The Securities and Exchange Commission (SEC) appears to be sending out contradictory signals regarding the use of leveraged ETFs following the approval and subsequent review of two new quadruple leveraged ETFs.
The proposed ForceShares Daily 4X US Market Futures Long Fund and ForceShares Daily 4X US Market Futures Short Fund were initially approved by the SEC for listing on the NYSE Arca exchange.
Now, however, this ruling appears to be in doubt after the SEC announced it plans to review the decision.
These latest developments come after the SEC appeared to be moving against leveraged ETFs entirely. The SEC and the Financial Industry Regulation Authority (FINRA) have repeatedly issued warnings about the need to protect investors from complex and unsuitable products. And earlier this year the SEC said it would continue to focus on “sales practices and disclosures involving ETFs and the suitability of broker-dealers’ recommendations to purchase ETFs with niche strategies.”
This rhetoric was backed up with action, when, in 2016, Oppenheimer was fined $2.25 million for the inappropriate recommendation of leveraged ETFs to retail customers, and in 2017, Morgan Stanley agreed to pay $8m in a settlement agreement over charges relating to the recommendation of inverse ETFs that were not suitable for certain clients.

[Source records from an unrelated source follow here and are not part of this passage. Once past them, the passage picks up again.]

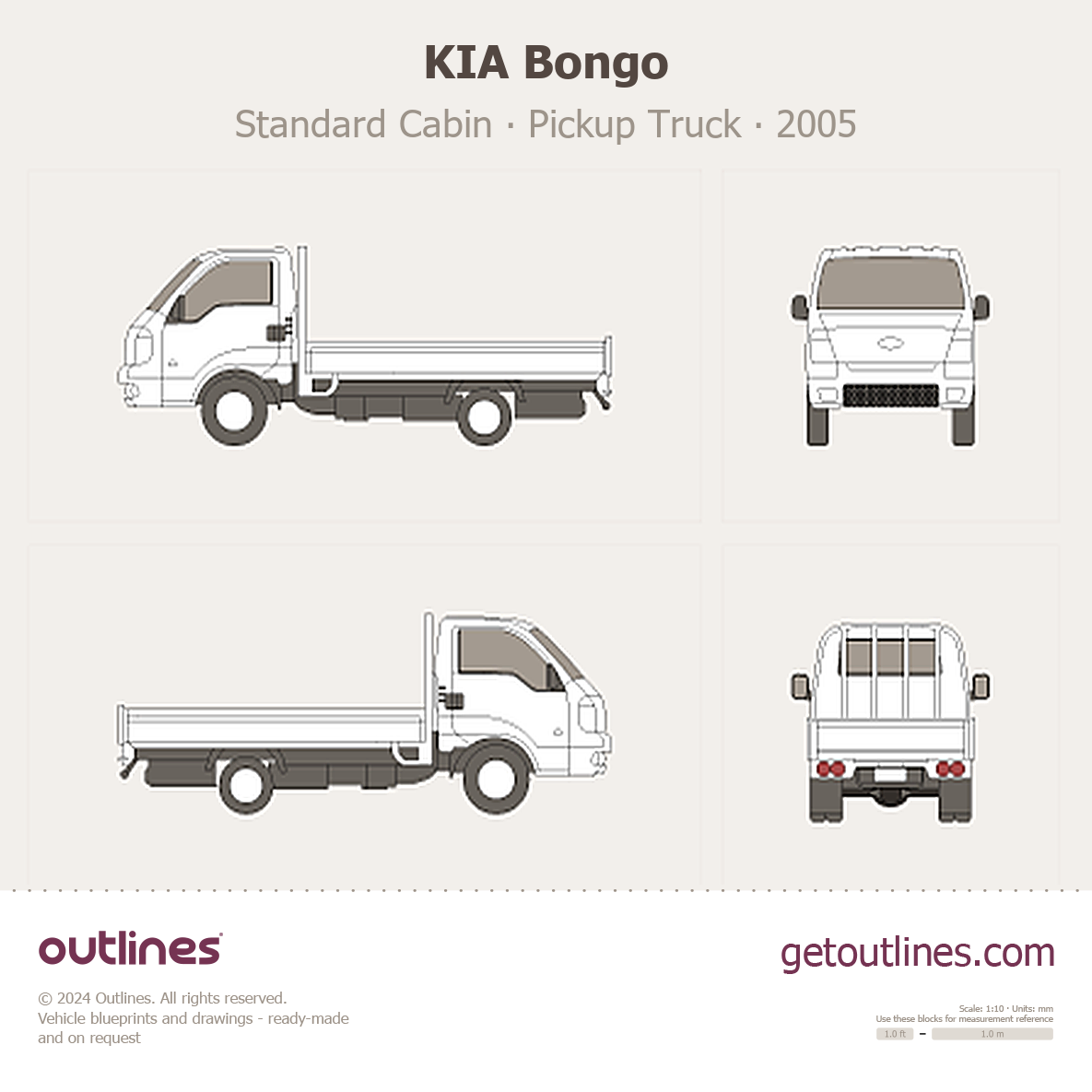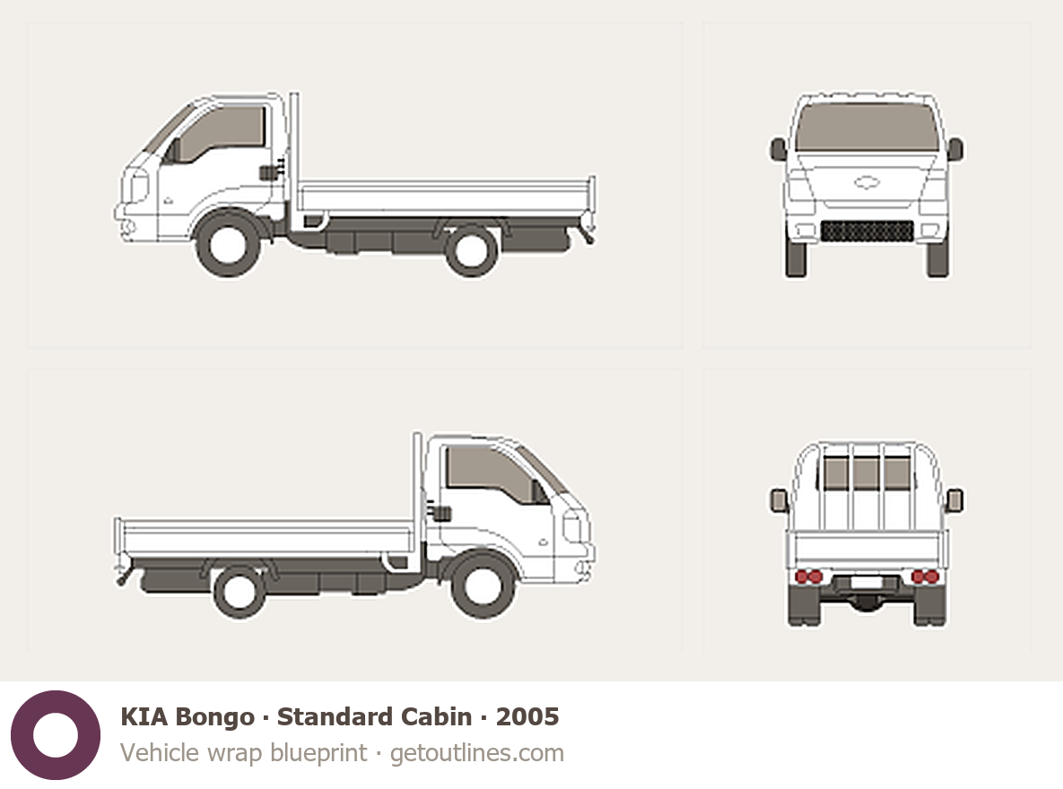 This 2005 KIA Bongo Standard Cabin Pickup Truck blueprint helps designers, wrap studios, and 3D artists simplify their workflow and save valuable time for creative work instead of routine tasks.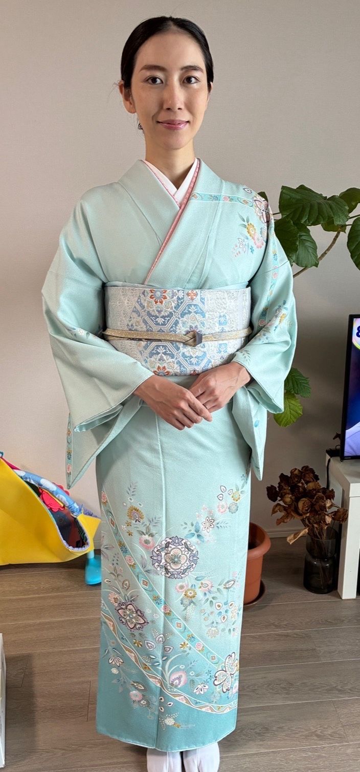 モデルのように美しいママさん、華やかなブルーの訪問着がとてもよくお似合いです💐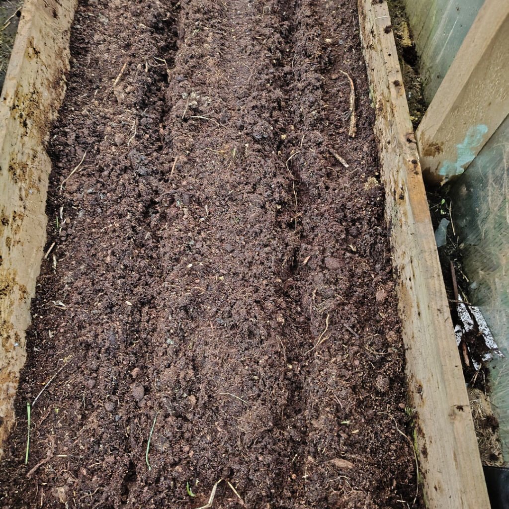 I made two shallow trenches in the bed I would be planting my carrots in.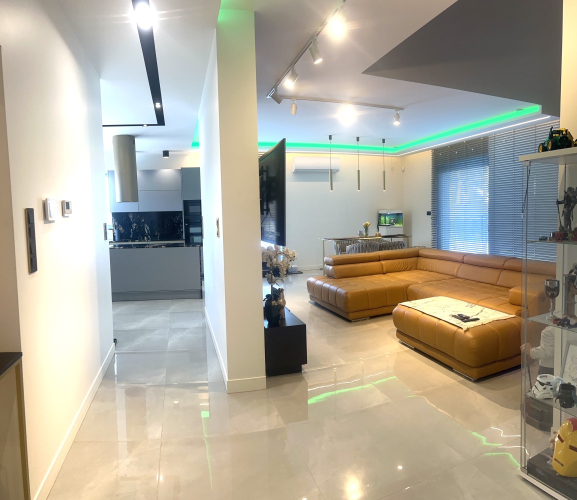 * podwieszane sufity z oświetleniem LED kolor oraz normal – salon, kuchnia, sypialnia, łazienki, sień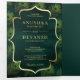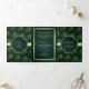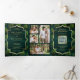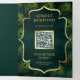Emerald Green Peacock Feathers QR Code Wedding Tri-Fold Invitation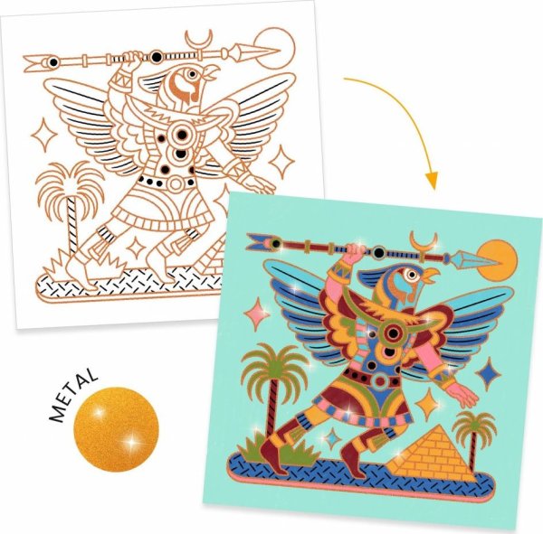 Omalovánky s motivem Egypta se zlatými vyvýšenými okraji, pro snadnější vybarvování bez přetahování.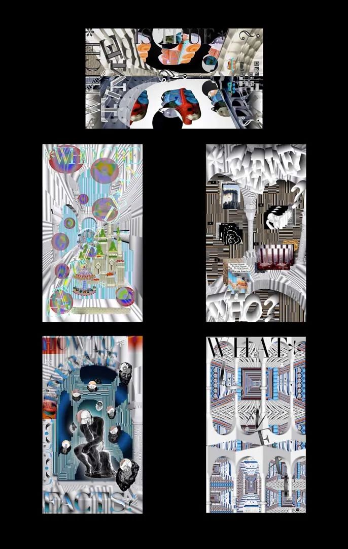 在这个作品中,3这个数来源于斐波那契数列(12358数列),有1处场域、2句阐释、3种秩序、5个问题、8个道具。问题分别是:如何生成事实?哪次是真实的?谁做出了解释?谁创造了真相?下一个出场的?我选择埃舍尔的矛盾空间作为线索,每个问题对应空间中的一个角度,在可见的5个面内循环。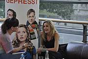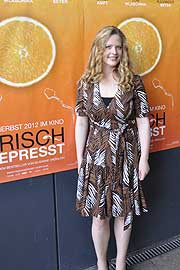 Starbesuch im CinemaxX am Dammtor: die Schauspieler Diana Amft, Tom Wlaschiha und Regisseurin Christine Hartmann stellten ein paar Tage vor dem Kinostart am 23.08.2012 im Hamburger CinemaxX Kino am Dammtor ihren Film „Frisch gepresst“ vor und wurden von zahlreichen Autogrammjägern empfangen. Mit „Frisch gepresst“ wurde der erste Roman von Erfolgsautorin Susanne Fröhlich verfilmt und bietet spritzig leichte Unterhaltung um eine junge Frau, die versucht ihr chaotisches Leben zu meistern und ganz nebenbei nicht weiss, wer von den zwei Männern, mit denen sie einen „One-Night-Stand“ hatte der Vater ihres Babys ist. Zwischen Schwangerschaft, Beziehungsstress und Insolvenz ihres geerbten Geschäfts, lernt sie vieles über sich und was im Leben wirklich zählt. Die Hauptrolle der Andrea wird von Schauspielerin Diana Amft (MädchenMädchen) gespielt. Die blonde Darstellerin findet sich selber ein klein wenig in der Rolle wieder – allerdings ohne die Schwangerschaft: „Andrea ist eine typische Frau in den Dreissigern. Sie steht für die heutige Generation Frauen, bei denen so viele Entscheidungen dieser Zeit anstehen: Zusammenziehen, Heiraten, Kinder bekommen, Karriere, all dies muss entschieden und bewältigt werden. Von daher konnte ich mich sehr gut damit identifizieren,“ erklärt die 35jährige. Ob sie selber für ein Kind so zurückstecken würde wie ihre Figur? „Ich denke schon. Manchmal hat man das Glück Karriere und Kind vereinbaren zu können. Wenn das Einkommen da ist, wenn die Eltern und Schwiegereltern einen Unterstützen, wenn Mann einem zur Seite steht, ist es natürlich leicht.“ Wenn es Unterstützung nicht hat, ist es sicherlich viel schwieriger. Wenn ein Kinderwunsch vorhanden ist, dann verschieben sich auch die Prioritäten. Ich persönlich finde, dass ein Baby so etwas Besonderes ist, dass ich es niemals mit einem Filmprojekt gleichsetzen würde. Diana Amft selber arbeitet fleissig weiter an ihrer Karriere. Demnächst ist sie auf RTL in der Serie „Die neuen Abenteuer der alten Christine“ zu sehen. Der Pilotfilm wurde bereits gedreht und erzählt von einer geschiedenen Mittdreissigerin, deren Nachfolgerin beim Ex-Mann zufällig auch Christine heißt. Allerdings soll die deutsche Serie, im Gegensatz zum amerikanischen Original keine Comedy werden. Besonders stolz auf „ihr Baby“ ist Regisseurin Christine Hartmann (Das dunkle Nest, Tatort). Ihr eigener Sohn spielt in dem Film „Frisch gepresst“ mit. Anfänglich hatte sie allerdings Probleme damit: „Eigentlich wollte ich meinen Sohn nicht unbedingt vor die Kamera bringen. Die Kinder-Casterin hat dann mit mir gesprochen, dass es sehr schwer ist vierjährige Kinder zu casten und sie hat mich gefragt, ob ich nicht meinen eigenen Sohn für die Rolle haben möchte, weil er mich kennt, die Arbeit am Set kennt und es dann für alle Beteiligten leichter ist. Es war ein Riesenspass für meinen Sohn, weil er immer bei der Mama sein durfte. Er hat sich toll geschlagen“, stolz schwingt in der Stimme der Regisseurin. Wie Christine Hartmann dazu kam, nach Krimis wie „Tatort“ oder das „Das dunkle Nest“ eine Komödie zu drehen? „Das Drehbuch wurde mit von der Produzentin Regina Ziegler in Absprache mit Disney angeboten und ich habe es gelesen und fühlte mich an eigene Momente im Leben erinnert. Auch wenn mein Leben etwas anders verlaufen ist, als das der Andrea. Aber die Gefühle in der Schwangerschaft und das Hormonchaos kennt jede Frau, die ein Kind zur Welt gebracht hat“, gerne berichtet sie davon, dass sie eigene Erfahrungen in die Dreharbeiten miteinfließen lassen konnte. Schließlich ist die Filmemacherin selber Mutter und muss den täglichen Spagat zwischen Arbeit und Kind bewältigen: „Leicht ist es nicht. Ich habe einen 20-Stunden Tag wenn ich einen Film drehe. Aber ich habe das Glück, dass ich sehr von der Produktion unterstützt werde“, die 42jährige weiss wie schwer es Frauen heute haben. „Als ich meinen ersten Film gedreht habe, wurde mir der Kleine sogar zum Stillen ans Set gebracht. Das Schöne ist auch, dass es zwar arbeitsreiche Zeiten gibt, dass ich aber auch viel Zeit habe Mama sein zu können, wenn ich Drehpause habe.“ Vielleicht geht mit diesem Film auch ein Traum in Erfüllung und er führt die Regisseurin direkt nach Los Angeles, dem Traum aller Filmschaffenden, schließlich hat Disney den Film mitproduziert und Christine Hartmann hat schon beachtliche Erfolge mit ihren Filmen in Deutschland erzielt: „Ich würde sicherlich gerne Filme wie z. B. „Prometheus“ machen oder eine Neuauflage von „Charlie´s Angles“ so einen richtigen Actionfilm, dann denke ich mir aber auch wieder wie schön es ist, kleine, ruhige Filme zu machen wie z. B. „Beste Freunde“. Es kommt immer darauf an, welche Gelegenheit sich bietet. Welcher Regisseur träumt nicht davon einen großen Hollywoodfilm zu drehen...“, bei diesen Worten leuchten die Augen der Regisseurin. Auch Tom Wlaschiha (Games of Thrones, Rettungsflieger) hatte Spass an den Dreharbeiten. Sonst ist der vielbeschäftigte Schauspieler eher in internationalen Produktionen, wie „Anonymus“ oder „Games of Thrones“ zu sehen, doch die Gelegenheit an der Seite von Kollegin Diana Amft zu spielen, wollte er sich nicht entgehen lassen. Bei der Frage, ob es schwer für ihn war einen Softie zu spielen grinst der Mime breit: „Ist das ein Softie? Echt? Unter dem Gesichtspunkt habe ich das noch gar nicht gesehen. Es ist der Spass verschiedene Charaktere zu spielen. Ich möchte nicht in eine Ecke gedrängt werden oder in eine bestimmte Schublade. Es ist das schöne, dass ich von Drama über Krimi bis hin zur Komödie alles spielen kann und darf“, auch wenn er momentan in London lebt, fühlt sich Tom Wlaschiha dem deutschen Film verbunden und ist sehr bodenständig geblieben. Allerdings kann er sich nicht vorstellen ähnlich wie seine Figur ein ganz normales, langweiliges Vorstadtleben zu führen: „ Ich würde mich n

In 2015, the Commission proposed a rule that seeks to limit the use of derivatives by registered investment companies, including exchange-traded funds to “safeguard both investors and our financial system,” (See: SEC derivatives proposal could impact US-listed leveraged ETFs). At the time, it was thought that if the rule came into effect it might oblige leveraged ETF providers to change the legal structure or leverage factor of certain products, or even close them down.
Former SEC chair Mary Jo White stated finalising the proposal was a priority, but the priorities of new chair Jay Clinton are unclear. The recent approval of the quadruple leveraged ETFs signals that this rule is likely dead or at the very least in limbo, according to Todd Ehret of Thompson Reuters Regulatory Intelligence.
ETFs that offer triple leverage are already listed in the US, such as the ProShares UltraPro QQQ (Arca: TQQQ), which has $1.7 billion in AUM and offers 3x exposure to non-financial equities listed on NASDAQ.
Market participants, especially leveraged and inverse ETF providers, will be closely monitoring the outcome of the SEC’s review of 4x leveraged ETFs to get some idea of the likely direction of regulation in the future.
At present, the SEC is sending out very mixed signals.